Discorso del Santo Padre
Traduzione in lingua inglese
Traduzione in lingua araba
Questa mattina, il Santo Padre Francesco ha ricevuto in Udienza, nel Palazzo Apostolico Vaticano, i Membri della Fondazione AVSI per il Progetto “Ospedali Aperti” in Siria.
Pubblichiamo di seguito il discorso che il Papa ha rivolto ai presenti nel corso dell’Udienza:
Discorso del Santo Padre
Cari fratelli e sorelle, buongiorno!
Do il benvenuto a tutti voi, radunati in questi giorni per portare avanti la lodevole iniziativa “Ospedali Aperti” in Siria. Ringrazio il Dottor Giampaolo Silvestri, Segretario Generale della Fondazione AVSI, per la sua introduzione. E saluto con viva gratitudine il Cardinale Zenari, che da quattordici anni è Nunzio Apostolico in Siria.
Pensando alla Siria, vengono in mente le parole del Libro delle Lamentazioni: «Poiché è grande come il mare la tua rovina, chi potrà guarirti?» (2,13). Sono espressioni che si riferiscono alle sofferenze di Gerusalemme e che possono far pensare anche a quelle vissute dalla popolazione siriana in questi dodici anni di sanguinoso conflitto. Considerando il numero imprecisato di morti e feriti, le distruzioni di interi quartieri e villaggi, e delle principali infrastrutture, tra cui anche quelle ospedaliere, viene spontaneo chiedersi: “Chi potrà ora guarirti, Siria?”. Quella siriana, a detta degli osservatori internazionali, rimane una delle più gravi crisi nel mondo, con distruzioni, crescenti bisogni umanitari, collasso socio-economico, povertà e fame a livelli gravissimi.

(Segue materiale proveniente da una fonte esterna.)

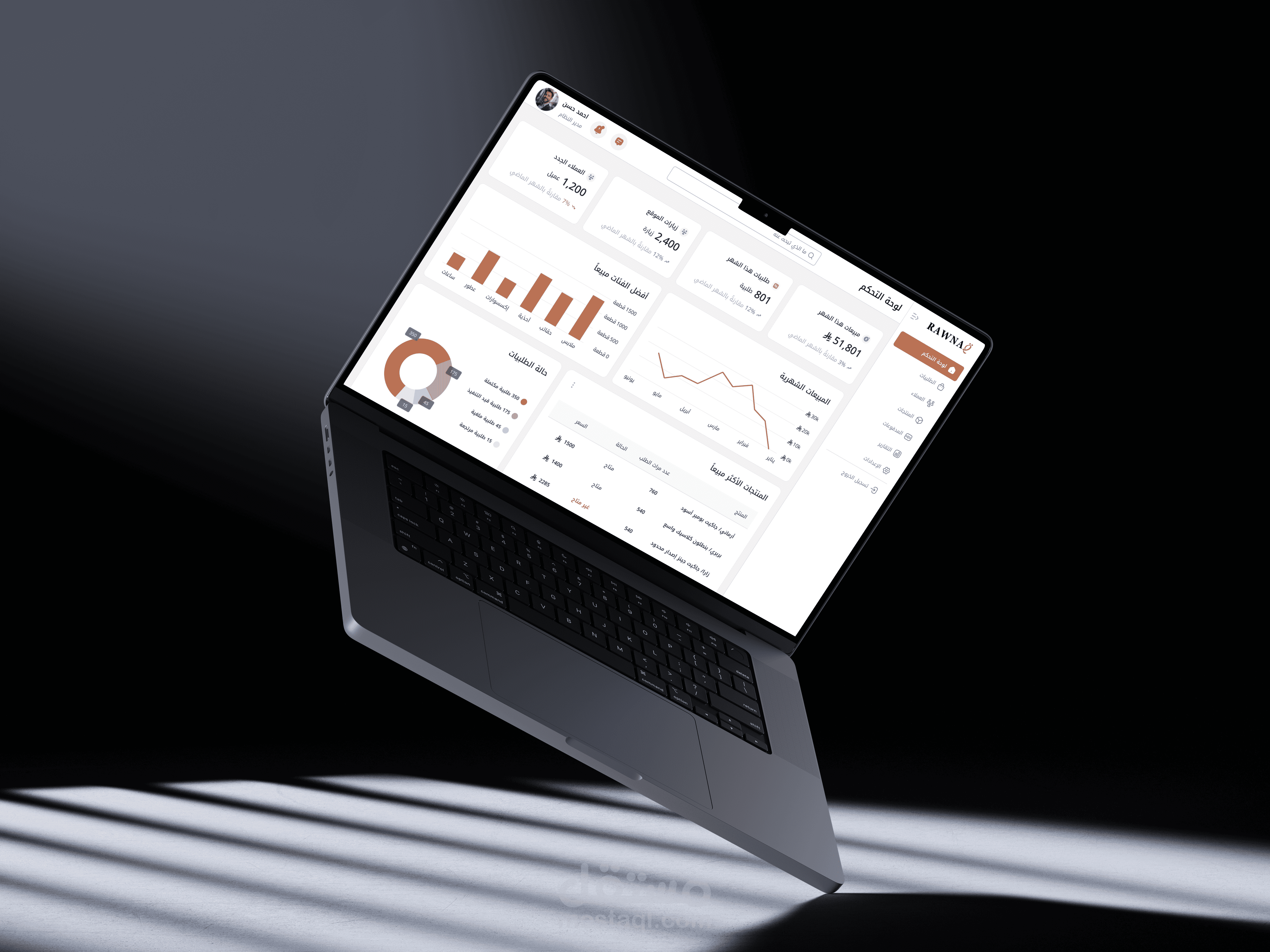 يقدّم تصميم رونق تجربة متجر إلكتروني عربي راقٍ يجمع بين الطابع الأصيل واللمسة العصرية في كل تفصيلة.

Ho ricevuto in dono l’opera di un artista, che, ispirandosi a una fotografia, a volti reali, ritrae un papà siriano, stremato di forze, che porta il suo bambino sulle spalle. È uno dei circa quattordici milioni di sfollati interni e rifugiati, ossia più di metà della popolazione siriana di prima del conflitto. È un’immagine impressionante di tante sofferenze patite dalla popolazione siriana.
Di fronte a questa immensa sofferenza, la Chiesa è chiamata ad essere un “ospedale da campo”, per curare le ferite sia spirituali sia fisiche. Pensiamo a quello che leggiamo nel Vangelo: «Venuta la sera, dopo il tramonto del sole, gli portavano tutti i malati e gli indemoniati. Tutta la città era riunita davanti alla porta. Guarì molti che erano affetti da varie malattie» (Mc 1,32-34; cfr Lc 4,40). Il Signore che guarisce.
E la Chiesa, fin dal tempo degli Apostoli, è rimasta fedele al mandato di Gesù: «Guarite gli infermi, risuscitate i morti, purificate i lebbrosi, scacciate i demoni. Gratuitamente avete ricevuto, gratuitamente date» (Mt 10,8). Gli Atti degli Apostoli ci raccontano che «portavano gli ammalati persino nelle piazze, ponendoli su lettucci e barelle, perché quando Pietro passava, almeno la sua ombra coprisse qualcuno di loro» (5,15) e li guarisce.
Facendo tesoro di questa eredità, ho esortato più volte i sacerdoti, specialmente il Giovedì Santo, a toccare le ferite, i peccati, le angustie della gente (cfr Omelia nella Messa Crismale, 18 aprile 2019). Toccare. E ho incoraggiato tutti i fedeli a toccare le piaghe di Gesù, che sono i tanti problemi, le difficoltà, le persecuzioni, le malattie delle persone che soffrono (cfr Regina Caeli, 28 aprile 2019; Evangelii gaudium, 24), e le guerre.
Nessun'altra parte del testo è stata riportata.